RTÉ has said that there were no “secret bonuses” to staff as the row over the gender pay gap at the State broadcaster continues.
A report claimed that secret bonuses had been paid to more than 200 managers last year. However, a spokesman for the broadcaster denied the claim.
“In response to a story in this morning’s Irish Independent, RTÉ can clarify that it has not introduced ‘secret bonuses’ to RTÉ staff,” said the spokesman.
However, he did add that pay restoration had been reintroduced.
“As we have stated clearly many times previously, RTÉ introduced a series of cuts to staff pay as part of significant reform across the organisation from 2008 — 2013 which saw a reduction in operating costs of €130m.
“Pay restoration — reintroduced in 2015 — is based on binding agreements negotiated by the RTÉ Trade Union Group on behalf of RTÉ staff and followed this period of cuts to staff pay.”
The spokesman added that these “phased “payments were not “bonuses”.
“As agreed with the RTÉ Trade Union Group and as communicated to RTÉ staff in 2015, pay restoration is being introduced on a phased basis: 15% was restored on December 21, 2015; a further 42.5% was restored on December 19, 2016; additional tranches of 21.25% each were restored on June 30, 2017, and on December 18, 2017,” said the spokesman.

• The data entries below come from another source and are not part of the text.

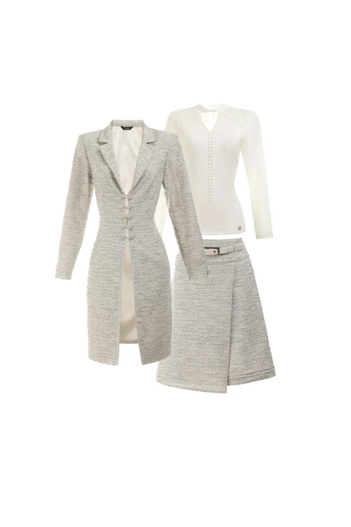 A beige-gold coatl woven with lamé fibers goes perfectly with pants and skirt from the ...
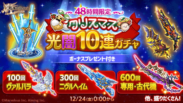 【12/24(金)0:00から】人気武器もりだくさんの超豪華ボーナス付き★「クリスマス光闇10連ガチャ」
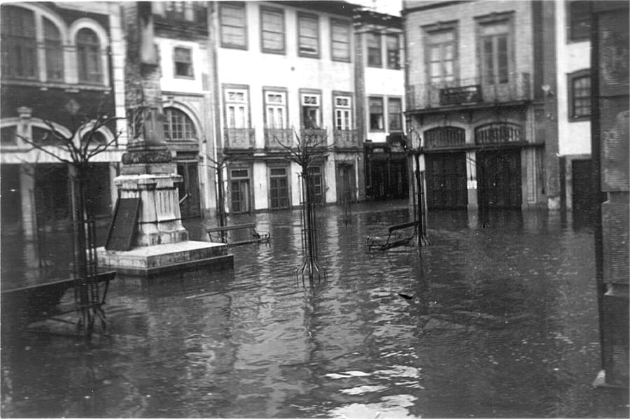 Aspecto das cheias em Aveiro, no ano de 1938, vendo-se na imagem a Praça do Comércio.
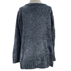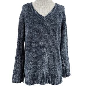 Orvis Chenille Sweater Steel Gray Blue Relaxed Soft Cozy V-Neck Shiny Size M
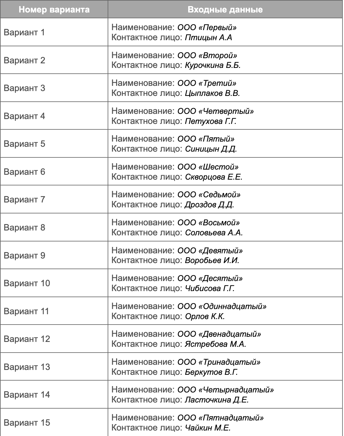 - Внесите в информационную базу демонстрационной конфигурации программного продукта «1С:Документооборот 8» версии 3.0 «Администрация небольшого города» информацию о контрагенте по номеру варианта (табл. 2), соответствующего вашему номеру в списке журнала учебной группы. Повторите внесение этого же контрагента в демонстрационной конфигурации для версии 2.1. Сравните результаты.
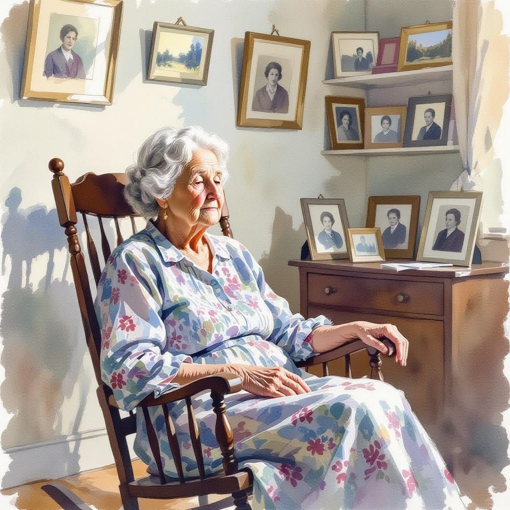A watercolor painting of a solemn elderly woman in a rocking chair, surrounded by framed family photographs. The artwork features visible brushstrokes and soft, warm colors, reminiscent of classic impressionist styles.

“Increments apply within existing salary ranges, which are below the 2009 levels.
“These payments are not bonuses. RTÉ confirms that managers have not received bonuses or general pay increases.”
The statement comes amid revelations about the pay disparity between newsreaders Sharon Ní Bheoláin and Bryan Dobson, with the female broadcaster earning approximately €80,000 less than her male colleague.
The information about the pay gap between the two colleagues became public when Ms Ní Bheoláin was asked about the matter by a journalist.
She said that while she valued her privacy, it would be “cowardly” of her not to comment considering “inequality and gender pay are key social issues in need of examination”.
Ms Ní Bheoláin’s comments received public backing from several colleagues, including political correspondent Martina Fitzgerald and education correspondent Emma O’Kelly.
After the pay disparity became the subject of publicity, the broadcaster issued a statement on Monday saying a gender equality review would take place and that the list of the top 10 earners would be published sooner than planned.
“As confirmed in our statement yesterday, RTÉ will bring forward the publication of fees paid to its top 10 most highly-paid presenters, and expects to release details shortly,” the spokesman said yesterday. “In line with our public commitment, RTÉ has been publishing details of the fees of its top ten highest earners for a number of years.
“Regarding questions about payment by gender, RTÉ has also confirmed that a review of role and gender equality across the organisation will take place, and we will announce more details of that review soon.”